Fund Sees Mexico As a Profitable Asset

Tue, 11/01/2016 - 14:27

Q: What conditions led Macquarie to establish its infrastructure fund in Mexico?

A: In late 2008, a group of Macquarie executives came to Mexico after learning about the NIP launched by President Felipe Calderón. They believed it would be a good opportunity around which to raise capital and create a footprint in Latin America. After a thorough process of due diligence in which political, environmental and macroeconomic stability and market risks were assessed, a decision was made in favor of Mexico and we decided to initiate operations.

The legal framework was in the making to allow for institutional investors, especially for pension funds to diversify their investment portfolios. Starting in 2009, the Mexican Pension Funds Administrators (Afores) were allowed to invest in new asset classes such as real estate, infrastructure and private equity. The authorities created the CKD as a new investment vehicle. Macquarie became the second issuer in the market and raised the first specialized infrastructure fund in the country. Investments in infrastructure are made over a long period of time. Our fund term of 10 years was designed to match the longterm outlook of this asset class and the long-term savings that characterized the Afores. This structure was also consistent with the population pyramid, which has a large base of young people.

Q: In what instances is it more appropriate to use a Fibra or CKD?

A: A CKD is a vehicle that was designed specifically for pension funds that wanted to invest in alternative assets. Alongside this, we established a parallel vehicle that enabled us to channel other target investors, including the NIP in Mexico. When we issued our CKD the rules were tighter than they are today, so the Afores had to prefund their full commitment. This prefunding commitment has since been reduced to 20 percent with remaining capital calls more in line with international practices. In CKDs, the Afore’s technical committee reviews projects that represent more than 5 percent of the fund’s commitments. Some of our investors like to actively participate in the decision-making process while others relinquish that decision to the CKD’s manager.

In contrast, the newly created investment project certificates (CerPIs) are more in line with global practices where the general partner is the ultimate decision-maker within the defined terms of the fund mandate. This new vehicle was designed with a necessary requirement for a co-investor to participate with the 30 percent of the total equity stake of the CerPI. We saw an opportunity to raise a Mexican REIT. Previously, anybody that wanted to invest in real estate typically had to go and physically buy property or land and then lease this to a third party with all the management burdens that come alongside. This new vehicle was designed to allow for a range of international and domestic institutional and retail investors to participate in the real estate market, delegating the management responsibilities to a professional fund manager. There are several Fibras in Mexico that specialize in different real estate segments such as hotels, office buildings, retail or industrial properties. Macquarie buys and manages industrial properties that it leases mostly to medium and light industry tenants. Our Fibra is comprised of approximately 75 percent industrial properties and 25 percent commercial retail properties.

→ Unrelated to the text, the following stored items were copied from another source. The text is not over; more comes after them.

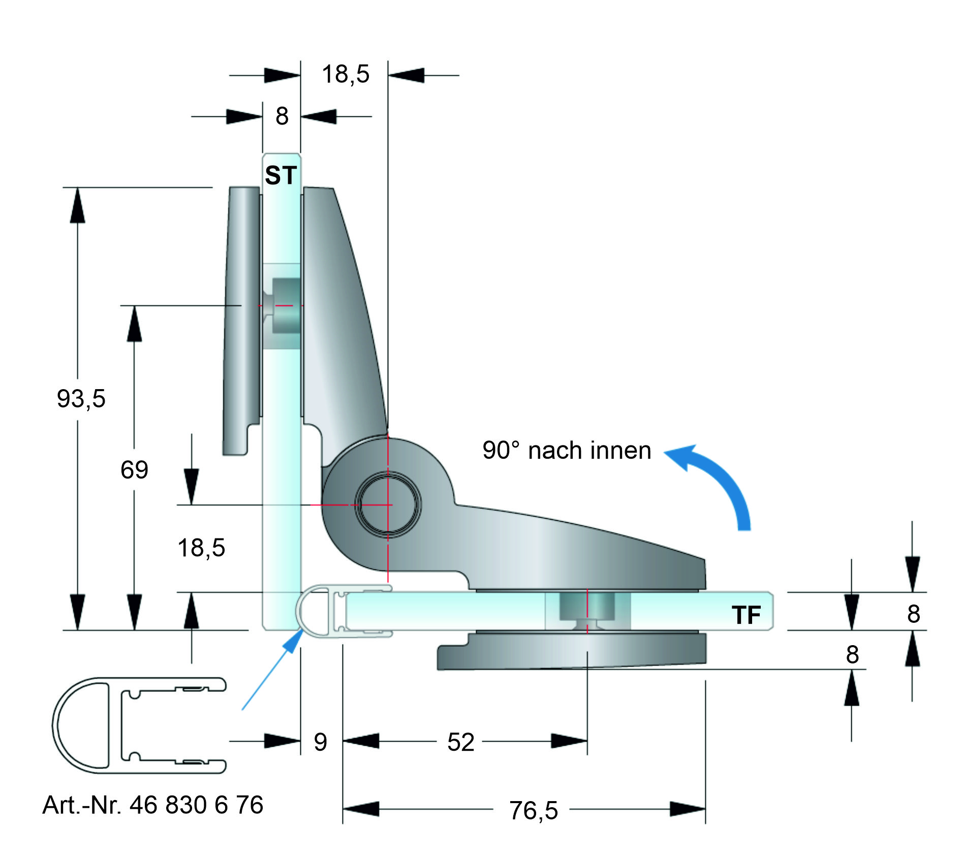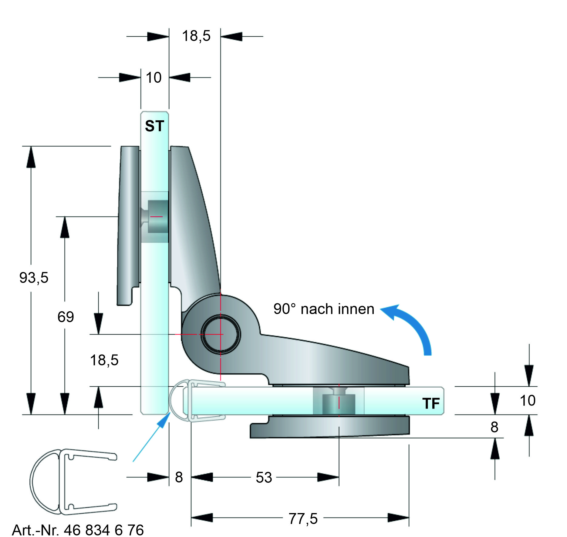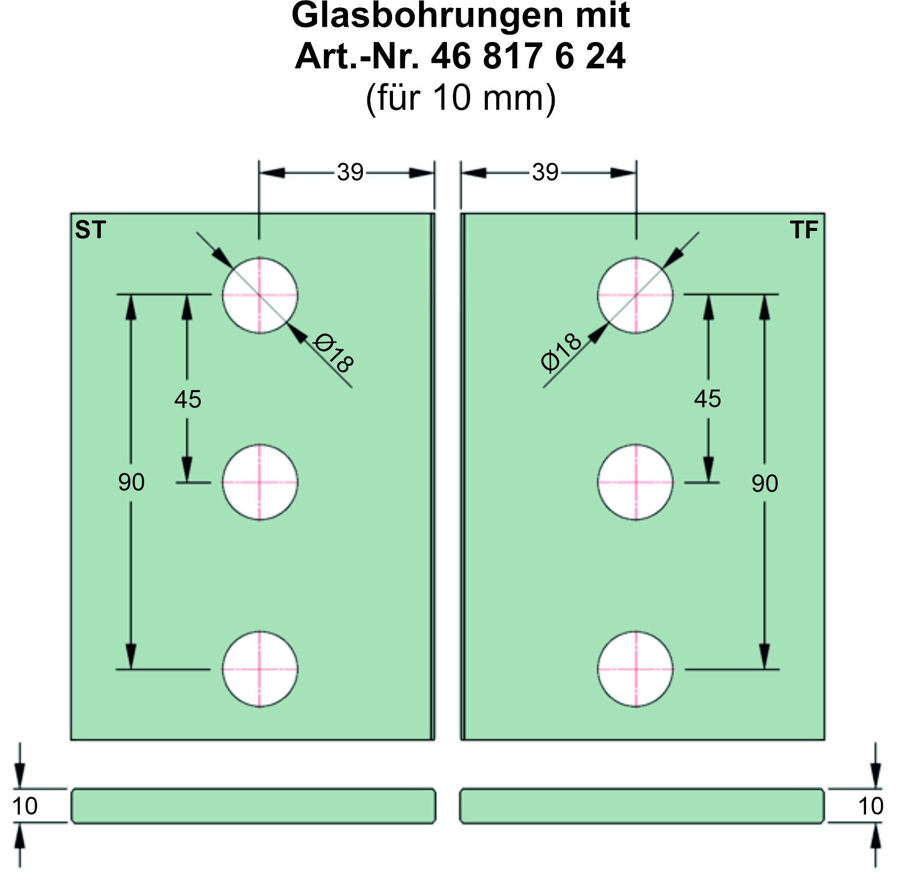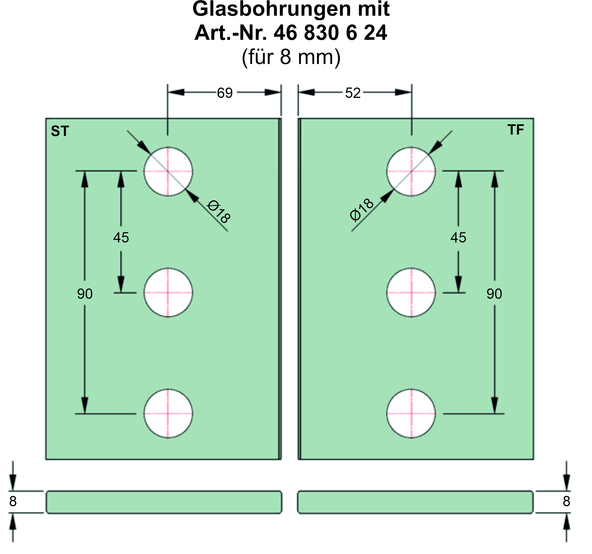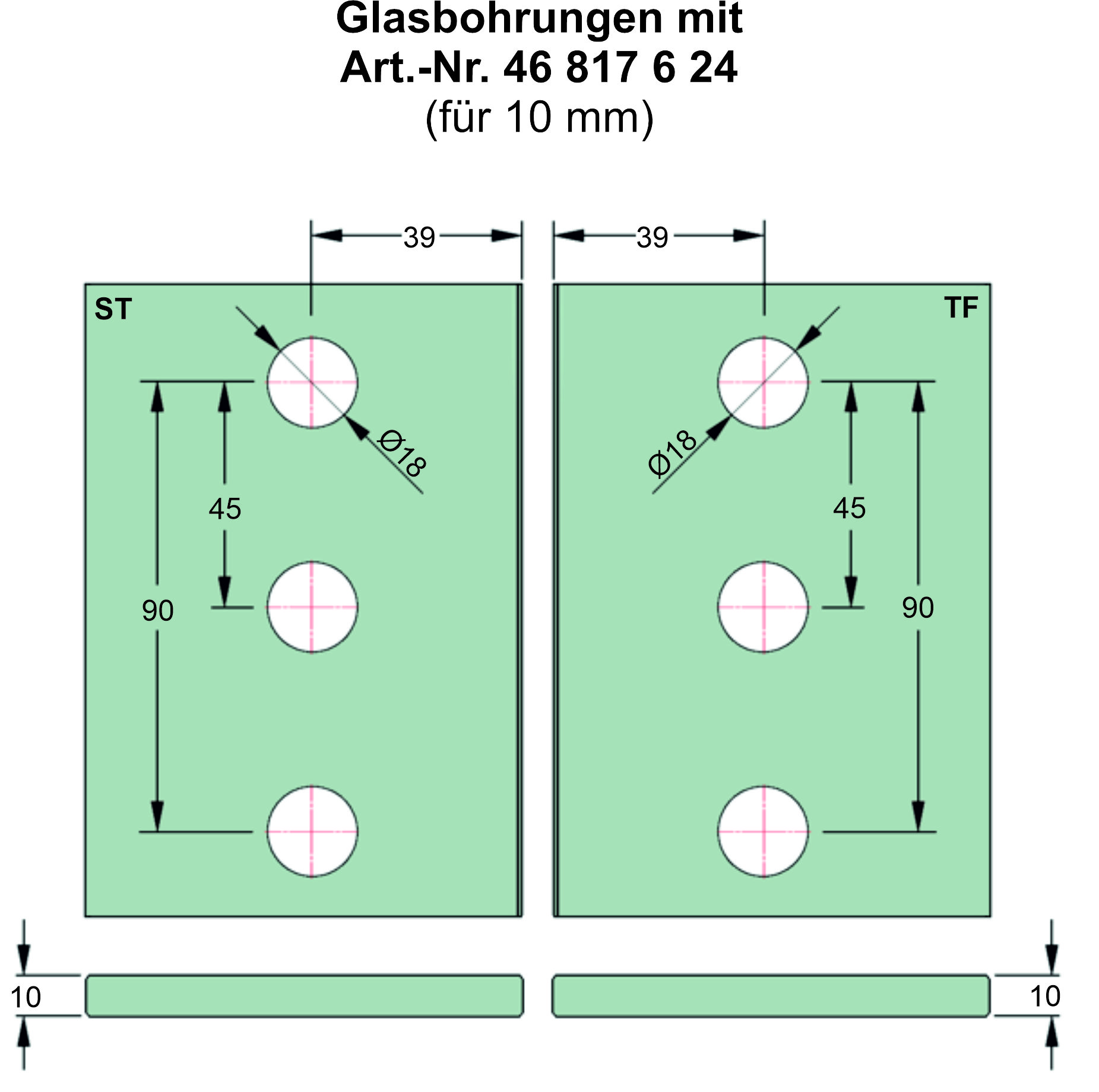 8 - 12 mm Glasdicke, mit verstellbarer Nulllagenstellung und verdeckter Verschraubung
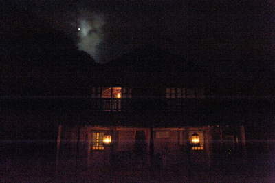 外から我々が宿泊する健六館の夜景撮影に挑戦してみます。
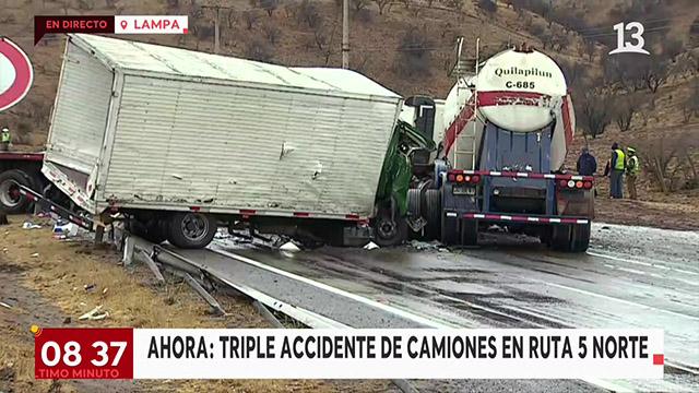Esta mañana nuestro reportero Leo Castillo fue hasta la Ruta 5 norte en Lampa en las cercanías de la cuesta El Manzano, fue a reportear un accidente ocurrido a las 6 am en donde un camión perdió el control e impactó a dos vehículos menores, lamentablemente dejó un fallecido.
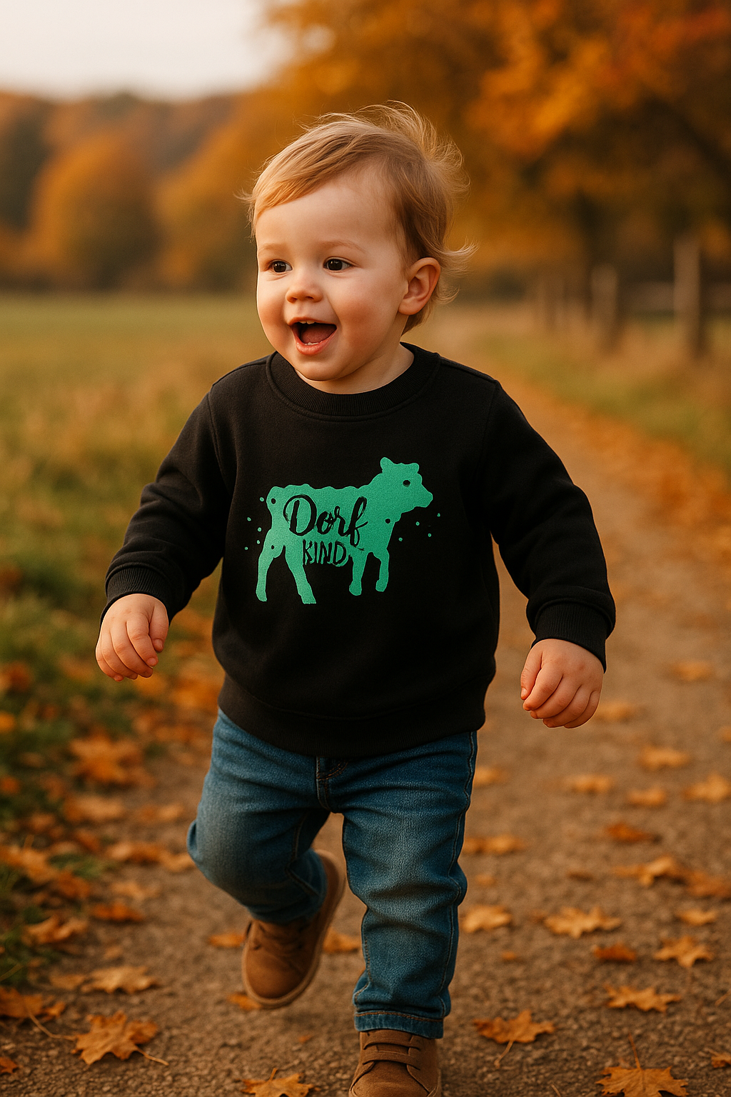 Klein, frech und absolut liebenswert - das Sweatshirt "DorfKind" ist genau das Richtige für alle Dorfkinder, die das Landleben

Q: How has the devaluation of the peso affected the real estate portfolio?

A: In general terms, Mexico has distinguished itself from other countries because of its macroeconomic stability. The currency volatility we have experienced in the last year has been lesser than many other developing countries of similar size. We have a sound and responsible monetary policy that has kept inflation under control. The devaluation of the peso has had a limited impact on the real estate portfolio as most of the rents we collect from our tenants are denominated in US dollars. To some degree currency devaluation tends to be reflected as a revaluation of our assets. 

Q: What is the value of the public and private sectors participating in PPPs?

A: Six years ago the PPP Law was passed by Congress and implemented in Mexico. There is a generalized understanding the government should not participate in every economic activity but instead should concentrate its efforts in strengthening its role as a developer of adequate public policies that will foster economic growth and development. With the drop in oil prices the government must allocate its scarce resources more intelligently and concentrate its efforts on core activities. There is an enormous opportunity that opens up the private sector with the approval of the structural reforms. The private sector can participate more than ever in activities such as energy.

Q: How are your strategies changing to adapt to industrial offerings?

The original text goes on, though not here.